# Has anyone else ever done DNP for weightloss?



## PointOfNoReturnPoint (Jul 27, 2022)

One of my obese friends has mentioned something called DNP to lose weight and he claims that you can do almost anything you want diet wise and still absolutely melt off body fat. Has anyone ever tried this or know someone who has. He is still in the study phase so he couldn't answer most questions about it ( he claimed to found a source but wont share it ).


----------



## CivilianOfTheFandomWars (Jul 27, 2022)

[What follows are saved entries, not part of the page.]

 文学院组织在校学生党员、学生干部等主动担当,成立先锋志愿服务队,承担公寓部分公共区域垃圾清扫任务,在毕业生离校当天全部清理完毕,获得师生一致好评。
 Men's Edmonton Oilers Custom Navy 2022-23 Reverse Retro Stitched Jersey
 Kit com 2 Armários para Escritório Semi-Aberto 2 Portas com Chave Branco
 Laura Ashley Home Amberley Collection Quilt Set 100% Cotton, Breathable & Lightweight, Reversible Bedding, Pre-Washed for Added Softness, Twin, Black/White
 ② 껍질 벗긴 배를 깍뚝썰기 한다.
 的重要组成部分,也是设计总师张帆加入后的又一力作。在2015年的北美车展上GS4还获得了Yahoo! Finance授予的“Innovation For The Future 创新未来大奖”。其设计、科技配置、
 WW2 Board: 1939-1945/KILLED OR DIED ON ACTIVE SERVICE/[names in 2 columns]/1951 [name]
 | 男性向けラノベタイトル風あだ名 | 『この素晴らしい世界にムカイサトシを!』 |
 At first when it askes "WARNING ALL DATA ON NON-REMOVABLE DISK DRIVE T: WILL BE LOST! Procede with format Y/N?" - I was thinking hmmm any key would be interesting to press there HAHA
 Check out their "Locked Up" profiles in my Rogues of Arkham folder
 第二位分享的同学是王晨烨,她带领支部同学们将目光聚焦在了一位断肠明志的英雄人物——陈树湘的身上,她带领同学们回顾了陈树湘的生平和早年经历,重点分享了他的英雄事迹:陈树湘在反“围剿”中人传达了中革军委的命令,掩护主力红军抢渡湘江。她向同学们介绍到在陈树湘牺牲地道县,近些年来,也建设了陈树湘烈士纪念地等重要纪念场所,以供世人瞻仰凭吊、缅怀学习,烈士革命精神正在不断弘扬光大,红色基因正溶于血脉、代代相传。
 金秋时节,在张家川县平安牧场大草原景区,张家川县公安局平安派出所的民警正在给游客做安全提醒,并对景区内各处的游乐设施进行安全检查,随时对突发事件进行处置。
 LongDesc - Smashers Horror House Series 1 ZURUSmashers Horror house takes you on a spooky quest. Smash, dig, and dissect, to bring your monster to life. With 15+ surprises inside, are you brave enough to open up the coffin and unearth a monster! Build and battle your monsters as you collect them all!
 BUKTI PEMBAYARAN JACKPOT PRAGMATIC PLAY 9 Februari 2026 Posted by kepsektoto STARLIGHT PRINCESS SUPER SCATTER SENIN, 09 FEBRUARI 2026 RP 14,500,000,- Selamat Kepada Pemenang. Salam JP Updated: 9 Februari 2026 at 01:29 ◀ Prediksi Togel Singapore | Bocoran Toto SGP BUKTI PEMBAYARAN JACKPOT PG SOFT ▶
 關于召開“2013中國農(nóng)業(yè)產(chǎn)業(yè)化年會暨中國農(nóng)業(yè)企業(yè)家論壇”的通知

Please do not use DNP, it uncouples mitochondria and just completely screws up your lipids and other health markers.
If he’s obese, he should not be looking into drugs and just focus on the basics of eating less and walking more.


----------



## Tom Nook's Gloryhole (Jul 27, 2022)

I'm all for it for the opposite reasons. Anyone who is too retarded to literally put down a fork deserves whatever they get.


----------



## KatanaSenshi (Jul 27, 2022)

> One of my obese friends


I rest my case.


----------



## DumbDude42 (Jul 27, 2022)

put in simple terms, DNP makes your metabolism less efficient by making your cells burn lots of extra fuel to generate lots of excess body heat.
so when you take DNP, your body temperature goes up a lot while you burn calories like a madman.
if you take too much at once, your body overheats to the point of death.

also, beyond these immediate effects, the compound is also toxic and can give you various kinds of organ damage


----------



## Wuornos (Jul 27, 2022)

Your fat fuck chum would be better off losing weight simply by *walking an hour a day, he could even split it into two half hour sets, and eating under 1500 calories a day.  A 1300 (1200 for women) daily calorie limit would be even better. The weight would melt off him. Even if he's a land whale.


*Once he gets to a more comfortable weight he could start cycling, skipping, swimming or even lift weights if he wants to bulk up.


----------



## yourdadscumdumpster (Jul 27, 2022)

Be warned - your SO will freak out when your semen turns bright yellow.


----------



## Ungrim Ironfist (Jul 27, 2022)

Your friend needs to start counting his calories. Tried and true method that is both easy to implement and, more importantly, sustainable. Fats always looking for the easy way out.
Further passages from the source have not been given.